Surprisingly little has been written about deploying machine learning models, given all the talk about how machine learning is changing the world. We’ve certainly run into challenges deploying our own work that no one has discussed, as far as we know. This blog post discusses some of the statistical and computational issues we’ve encountered so others can learn from our choices, both good and bad.
Output storage: For almost all projects, DSaPP stores model information and output in the same database format. One table stores information about what we call “model groups.” A model group is a unique combination of model characteristics, such as the algorithm, hyperparameters, random seed, and features. Another table stores information about “models,” each of which is a model group fit on training data. We store all the predictions (each trained model applied to out-of-sample data) in a table and standard evaluations (e.g. accuracy, precision, recall, ROC AUC, brier score, how long it takes to train) in another. The last two tables store feature importances for the model and for each prediction. Using the database to store output makes querying and analyzing results fast and easy. Thanks to thoughtful table design and indexing, we can query billions of predictions and statistics in seconds.
To allow future testing and development without impacting the live EIS, we created a separate “production” schema. We added new database tables for storing models, predictions, and feature importances for the models we decide to use, as well as a new “time_delta” table that stores each officer’s rank change over the past day, week, month, quarter, and year and a “review_audit” table that stores supervisor feedback for officer predictions. This schema is linked to the testing and evaluation environment by the model_group to ensure only models used in the production environment have been thoroughly tested against past data and to prevent accidental changes to the hyperparameters.

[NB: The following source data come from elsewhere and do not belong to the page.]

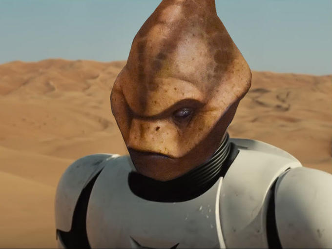 This unamed character was spotted in the Star Wars set in Dubrovnik by several people, he is one of the two alien races that were spotted on set the other which is compared to the Ayy Lmao meme. Umbrelien was seen holding an umbrella in one image and has been associated with it.
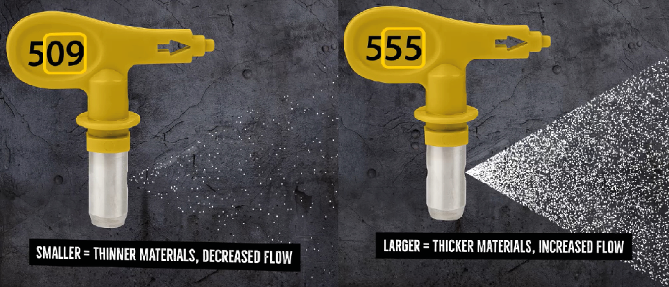 Bij Airless verfspuiten kun je veel verschillende spuittips kopen. TITAN houdt de volgende maatduiding aan:
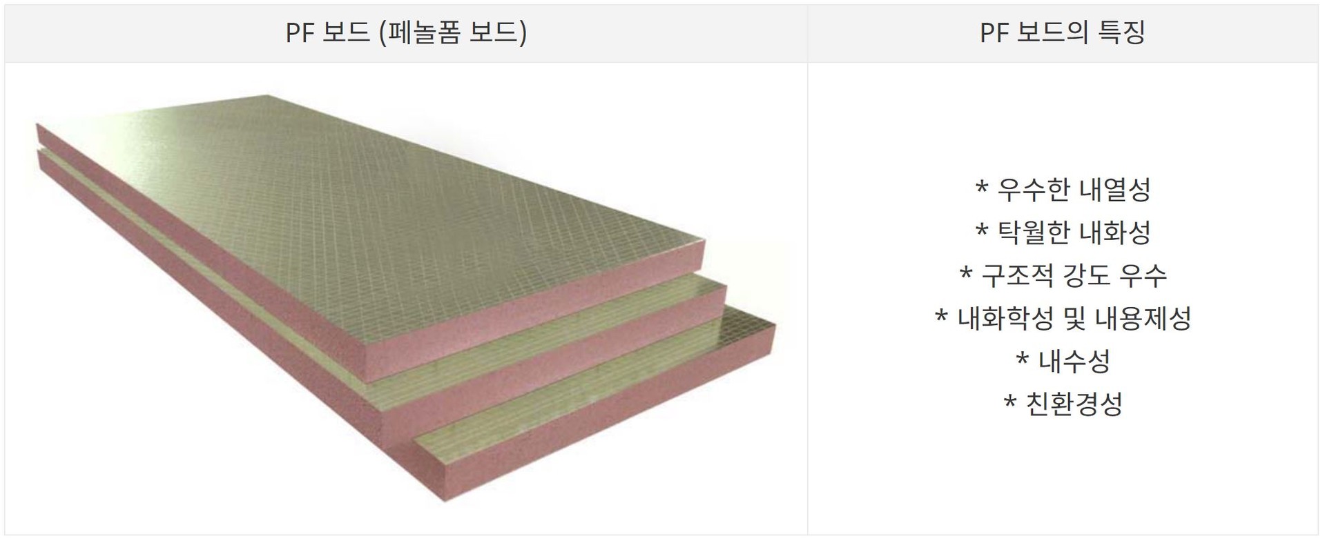 PF 보드 (페놀폼 보드) 물성

Production schema for department use
Using a standard format to store model outputs has an additional benefit: we built Tyra, a webapp that plots results for our projects. Tyra makes it easy for us and our partners to look at model performance without having to write database queries or read numbers from a table. Tyra includes precision at k over time; precision, recall, and ROC curves; feature distributions for officers with and without adverse incidents; and more. You can read more and download the code from Github: https://github.com/dssg/tyra.
An example page from Tyra
Accuracy: Choosing a model based on its precision in one time period is asking for trouble. A model may get lucky and generate accurate predictions for that single time period but not others (including in the future). To avoid this, we want a model that generates high precision in the top 100 over time. We built checks to flag unusual changes so someone can confirm the model is still performing as expected.
Extra trees and random forest tend to have the highest precision in the top 100. Logistic regression is the most accurate for a couple time periods. If we were to select models based on that one time period, we would choose poorly.
Effective interventions will reduce the value of these statistics. If the interventions are perfectly effective, the EIS will appear to have 0% precision, even if it’s 100% accurate, as the identified officers will receive interventions that prevent the adverse incident from occurring.